Ti conviene farti uno script o metterlo in [.]bashrc.

----------

## BlackBelt

più che l'inglese la stanchezza dovuta all'esame che dovrò sostenere tra qualche ora. Ho esportato la variabile d'ambiente, però mi da l'errore Allarm Clock (cdrecord-prodvd). Nel readme c'è scritto che questo accade se la data impostata nel sistema è inferiore a quella della key del readme. 

Cosa faccio ?

grazie mille

----------

## richard77

E suppongo che la tua data sia a posto...

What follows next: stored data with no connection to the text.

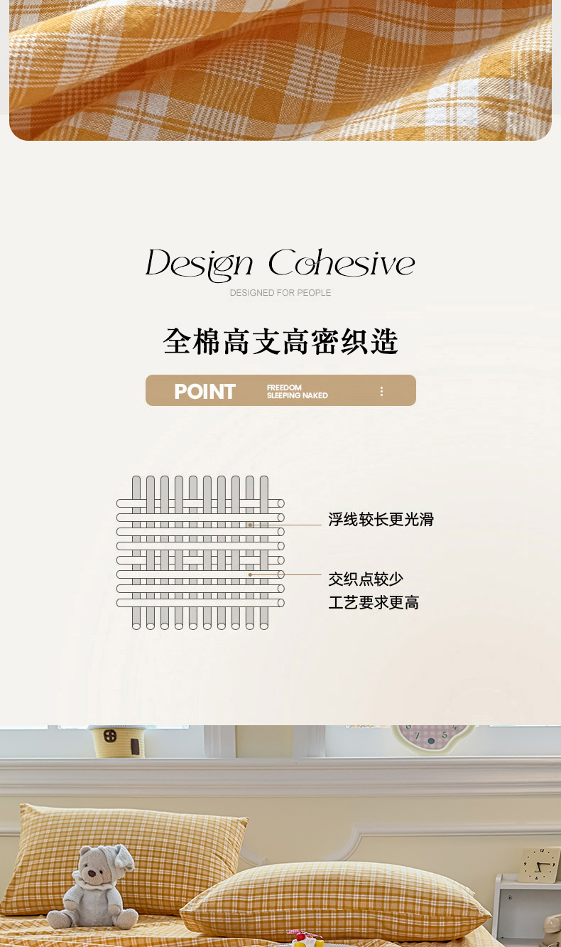 (总)菡宝 2025新款全棉纯棉色织小提花四件套支持定制定做尺寸,暴力熊卡其,暴力熊绿,大方块灰,大方块紫,千鸟格白,千鸟格灰,千鸟格绿,四叶草卡其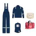 Stay protected on the job with the Tarasafe BLOKARC-VLM45-KTNOF-3XLNV HRC 4 Vallum 45 Cal Arc Flash Kit in Size 3X-Large. This work uniform, from the trusted brand Tarasafe, is certified for Arc Flash Protection with NFPA 2112 \u0026 EN 61482-1-2 certifications. The kit includes an Electrical \u0026 Gear Bag with dimensions of 62x32x37 cm, a Hood Bag, and comes in a sleek Navy Blue color. The model BLOKARC-VLM45-KTNOF-3XLNV features a fabric weight of 470 GSM (± 5%), ensuring both comfort and safety. Upgrade your workwear with this high-quality and reliable arc flash kit.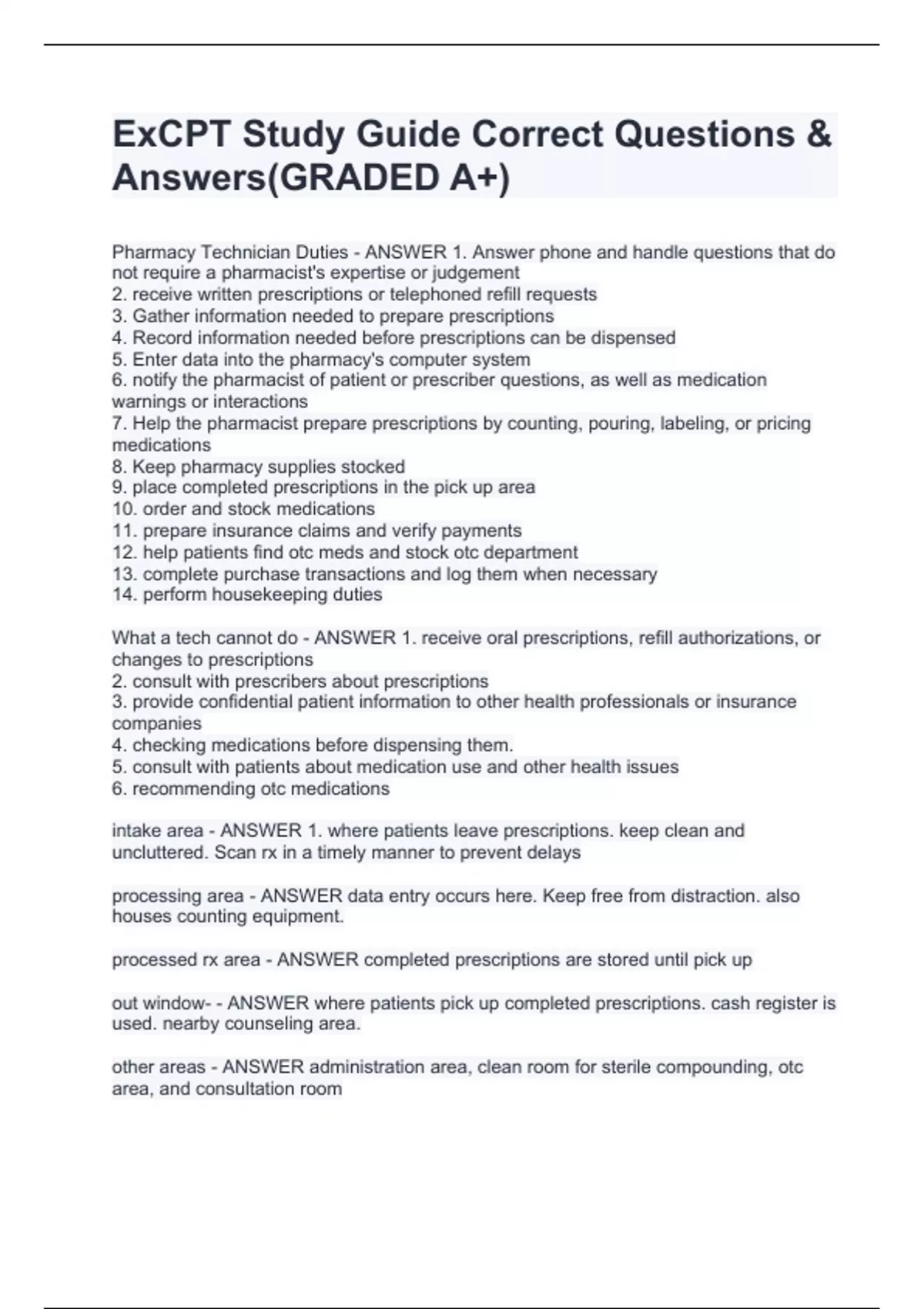 Pharmacy Technician Duties - ANSWER 1. Answer phone and handle questions that do not require a pharmacist's expertise or judgement 2. receive written prescriptions or telephoned refill requests 3. Gather information needed to prepare prescriptions 4. Record information needed before prescriptions can be dispensed 5. Enter data into the pharmacy's computer system 6. notify the pharmacist of patient or prescriber questions, as well as medication warnings or interactions 7. Help the pharmacist prepare prescriptions by counting, pouring, labeling, or pricing medications 8. Keep pharmacy supplies stocked 9. place completed prescriptions in the pick up area 10. order and stock medications 11. prepare insurance claims and verify payments 12. help patients find otc meds and stock otc department 13. complete purchase transactions and log them when necessary 14. perform housekeeping duties What a tech cannot do - ANSWER 1. receive oral prescriptions, refill authorizations, or changes to prescriptions 2. consult with prescribers about prescriptions 3. provide confidential patient information to other health professionals or insurance companies 4. checking medications before dispensing them. 5. consult with patients about medication use and other health issues 6. recommending otc medications intake area - ANSWER 1. where patients leave prescriptions. keep clean and uncluttered. Scan rx in a timely manner to prevent delays processing area - ANSWER data entry occurs here. Keep free from distraction. also houses counting equipment. processed rx area - ANSWER completed prescriptions are stored until pick up out window- - ANSWER where patients pick up completed prescriptions. cash register is used. nearby counseling area. other areas - ANSWER administration area, clean room for sterile compounding, otc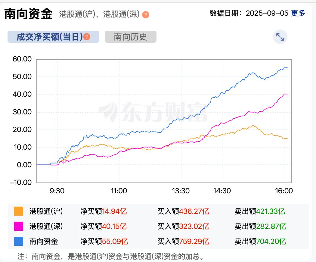 资金方面,南向资金今日继续大举买入港股。截至收盘,港股通(沪)净买额14.94亿港元,港股通(深)净买额40.15亿港元,合计净买入达55.09亿港元。

Non uso cdrecord-prodvd e quindi non so proprio cosa dirti (se non in bocca al lupo per l'esame!),

Comunque anche con il limite di 1gb potresti fare una prova e vedere se ti dà lo stesso errore (magari usa un rw, per non aumentare ulteriormente la tua collezione di sottobicchieri).

----------

## gutter

 *richard77 wrote:*   

> 
> 
> Non uso cdrecord-prodvd e quindi non so proprio cosa dirti (se non in bocca al lupo per l'esame!),
> 
> 

 

Non è male  :Wink:  fa il suo sporco lavoro  :Very Happy: 

----------

## BlackBelt

 *Quote:*   

> Non è male  fa il suo sporco lavoro 

 

Sai come risolvere il problema dell'Alarm Clock? Comunque mi hanno masterizzato dvd+ della stessa marca da windows e non riesco a montarli comunque...

emanuele

----------

## Apetrini

Anche io ho lo stesso problema con il mio portatile sony, praticamente sto usando la versione di dvd+rw-tools da voi incriminata e k3b alla fine non è riuscito a chiudermi la sessione. Neanche con "close"  sono riuscito....stesso errore...

----------

## Apetrini

Ah si dimenticavo di dirvi che ho risolto da tempo riemergendo la stessa versione dei "dvd+rw-tools" e emergendo l'ultimo k3b

ovvero "app-cdr/k3b-0.12.10"

----------

## BlackBelt

a me continua a bruciarli. A natale avrò un albero alternativo.

----------

## Apetrini

Ma hai provato a cancellare il file e poi riemergere "dvd+rw-tools" facendo riscaricare al portage tutto il file?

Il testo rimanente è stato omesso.